Answer
$2cis45^\circ (\sqrt{2} + \sqrt{2}i)$,
$2cis135^\circ (- \sqrt{2} + \sqrt{2}i)$,
$2cis225^\circ (- \sqrt{2} - \sqrt{2}i)$ and
$2cis315^\circ (\sqrt{2} - \sqrt{2}i)$ are the four fourth roots of $-16$.
Work Step by Step
$-16$ is at $180^\circ$ with absolute value $16$.
The equivalent trigonometric form of $-16$ is $16cis180^\circ$.
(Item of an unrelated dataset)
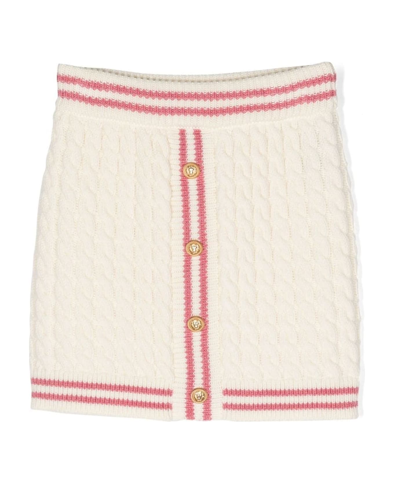 Cream white virgin wool mini skirt, knitted construction, cable knit, ribbed waistband, striped edge, embossed gold-tone buttons, ribbed hem, straight hem, thigh-length Composition: Virgin Wool, 100%
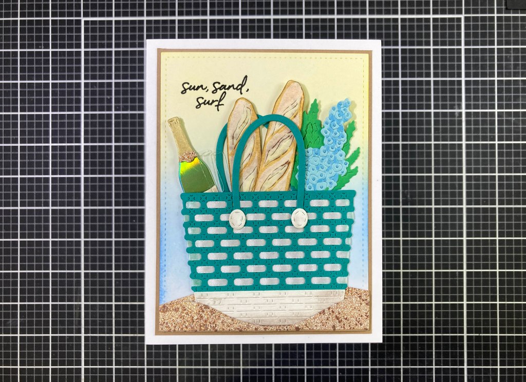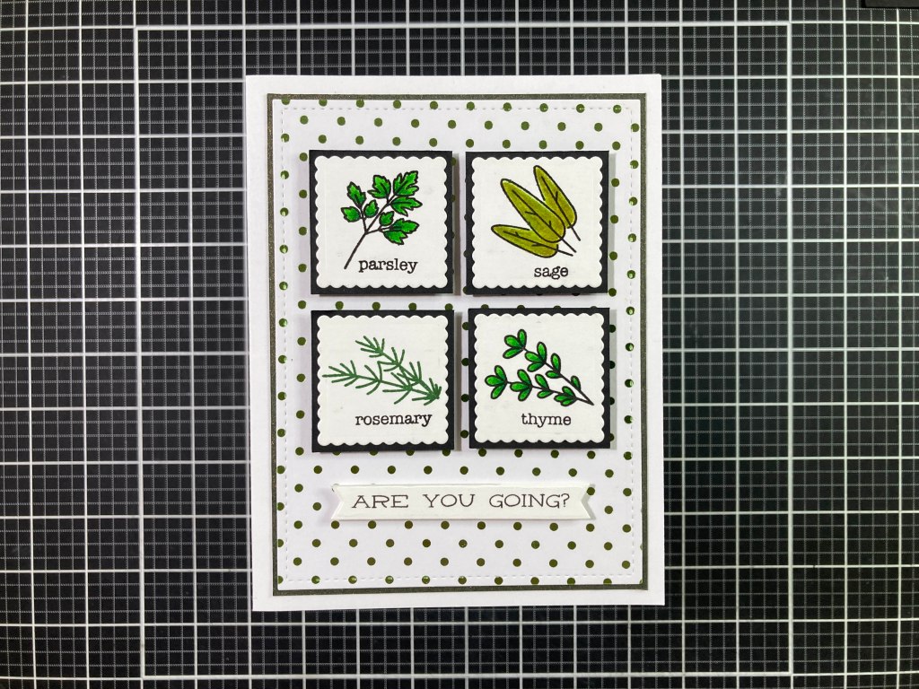 This is exactly what I had in mind! I die-cut the Postage Collage Die from some 110# Neenah Classic Crest Solar White card stock and then arranged the stamps. Since I already had a green pepper mask, I went ahead and added that in front of the pepper grinder. I stamped all the food items with VersaFine Onyx Black ink, and stamped the solid soup stamp with Antique Linen and Vintage Photo Distress Oxide inks. I created this pun-y sentiment using my Silhouette Software and the Take Charge font. I printed that right in place using my piggy-back printing method and my NEW! Epson EcoTank printer.

Suppose the fourth root of $-16$ is represented by $rcis\alpha$,
$(rcis\alpha)^4$ = $-16$ = $16cis180^\circ$
By De Moivre’s theorem, this equation becomes $r^4cis4\alpha = 16cis180^\circ$
By equating, $r^4 = 16$, $r = 2$, and $cos4\alpha = cos180^\circ, sin4\alpha = sin180^\circ$
For these equations to be satisfied, $4\alpha$ must represent an angle that is coterminal with $180^\circ$.
Therefore, we must have $\alpha = \frac{180^\circ + 360^\circ\cdot k}{4}$ and k takes on the integer values 0, 1, 2 and 3.
When $k = 0, \alpha = 45^\circ$,
$k = 1, \alpha = 135^\circ$,
$k = 2, \alpha = 225^\circ$,
$k = 3, \alpha = 315^\circ$
Hence, when $k = 0,$ the root is $2cis45^\circ$,
$k = 1,$ the root is $2cis135^\circ$,
$k = 2,$ the root is $2cis225^\circ$,
$k = 3,$ the root is $2cis315^\circ$
Thus,
$2cis45^\circ (\sqrt{2} + \sqrt{2}i)$,
$2cis135^\circ (- \sqrt{2} + \sqrt{2}i)$,
$2cis225^\circ (- \sqrt{2} - \sqrt{2}i)$ and
$2cis315^\circ (\sqrt{2} - \sqrt{2}i)$ are the four fourth roots of $-16$.